Left Ventricular End Systolic Diameter (LVESD) (A), LV Ejection Fraction (B), LV Fractional Shortening (C) relaxation constant Tau (D), Max dP/dT and Min dP/dT, (E) and Circumferential Stress (F) were evaluated in control, HFD, HFD-S, and HFD-D mice following 24 weeks of HFD feeding. Results are expressed as mean ± SEM.In panels A-C, ***p<0.001 vs. Baseline. In panels D-F, *p<0.05, **p<0.01 and ***p<0.001 vs. Control.
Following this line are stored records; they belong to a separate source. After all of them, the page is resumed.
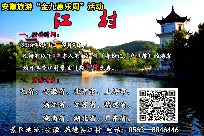 安徽旅游“金9惠樂(lè )周”活動(dòng)   江村景區  一、活動(dòng)時(shí)間:    2018年9月1日——2018年9月9日。凡持有以下9省本人有效證件(身份證、戶(hù)口本、)的游客,均可享受江村景區門(mén)票半價(jià)優(yōu)惠。  二、活動(dòng)對象:   九?。喊不帐?、北京市、上海市、浙江省、江蘇省、湖北省、湖南省、廣東省、福建省。 景區地址:安徽.宣城市.旌德縣江村。   景區電話(huà):0563—8046446
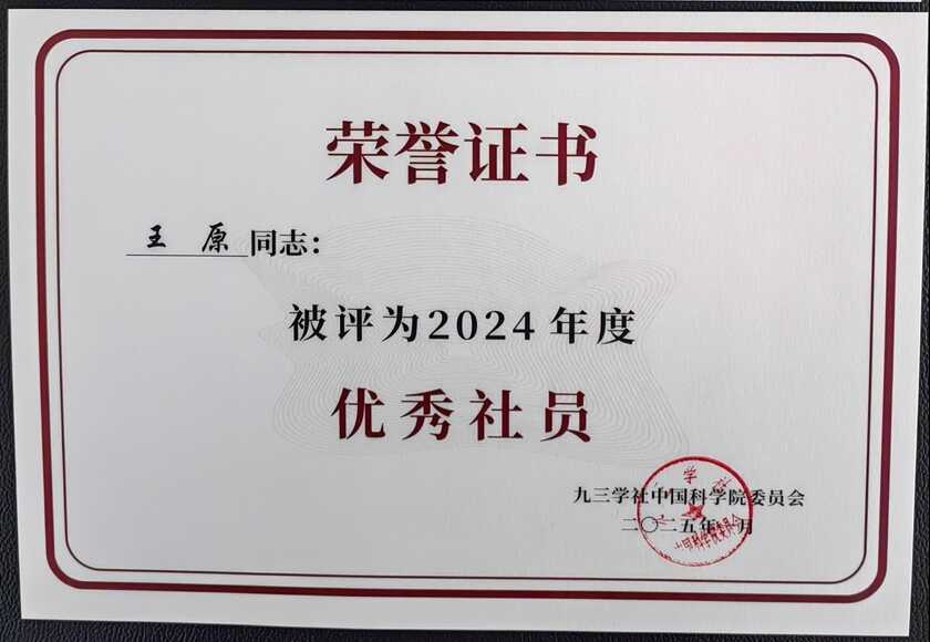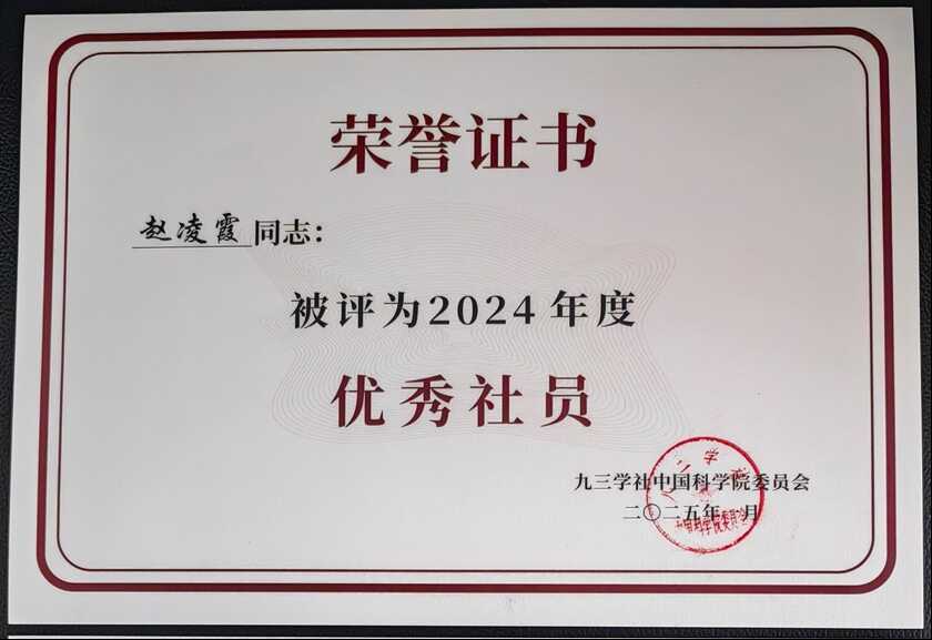 2025年1月18日下午,九三学社中国科学院委员会辞旧迎新总结会在国家纳米科学中心召开。九三学社中国科学院委员会主委陈春英院士向与会人员介绍了2024年度的工作。过去一年,九三学社中国科学院委员会在参政议政、社会服务、组织建设等方面取得了显著成绩。会上对表现突出的个人和集体进行了表彰。九三学社中国科学院第六支社的王原同志和赵凌霞同志被评为2024年度优秀社员。他们在科普和社会服务方面表现卓越,展现了九三学社社员的责任与担当。全院有25位社员获此荣誉。
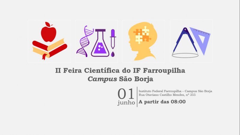Fruto de um projeto de ensino pensado e elaborado por servidores e discentes da instituição, a fim de promover a verticalização do ensino e a articulação entre os componentes curriculares básicos, ocorre no dia 1ª de Junho, a II Feira Cientifica do IF Farroupilha – Campus São Borja. O evento busca oportunizar um espaço para exposição, apresentação e discussão de trabalhos realizados por estudantes e servidores. Além disso, a atividade visa propiciar aos alunos diferentes perspectivas a respeito dos assuntos abordados em sala de aula, consolidando assim os conhecimentos adquiridos nas diferentes áreas da produção científica.

3.1.2 Oral H₂S therapy ameliorates HFD-induced cardiac hypertrophy and fibrosis

Hypertrophy and fibrosis are pathological responses of cardiomyocytes to the stress of the HFD condition [39; 40]. Therefore, we examined the effects of HFD and H₂S therapy on cardiac remodeling in terms of morphological changes at 24 weeks of HFD feeding. Consistent with the echocardiography and hemodynamic findings, our morphological and histological analysis revealed that HFD induced increases in heart weight to tibia length ratios (cardiac enlargement), increases in the cell surface area and cross sectional areas of cardiomyocytes (cardiac hypertrophy) and increases in Picrosirius Red staining (fibrosis) (Fig. 3). Although evidence of cardiac enlargement, cardiac hypertrophy, and fibrosis were present in the HFD-S and HFD-D groups, these morphological and histological changes were significantly less than the changes observed in the HFD group.

Fig 3.

Heart weight to body weight ratios (A), Representative photomicrographs of wheat germ agglutinin stained hearts (B), Summary of myocyte cell surface area (C) and cross sectional area measurements (D) of wheat germ agglutinin stained hearts, Representative photomicrographs of Picrosirius Red stained hearts (E), and summary of fibrosis area as % of the LV calculated from the Picrosirius Red sections (F), in control, HFD, HFD-S, and HFD-D mice following 24 weeks of HFD feeding. Scale bar equals 100 μm in panels B and D, respectively. Results are expressed as mean ± SEM. *p<0.05, **p<0.01 and ***p<0.001 vs. Control.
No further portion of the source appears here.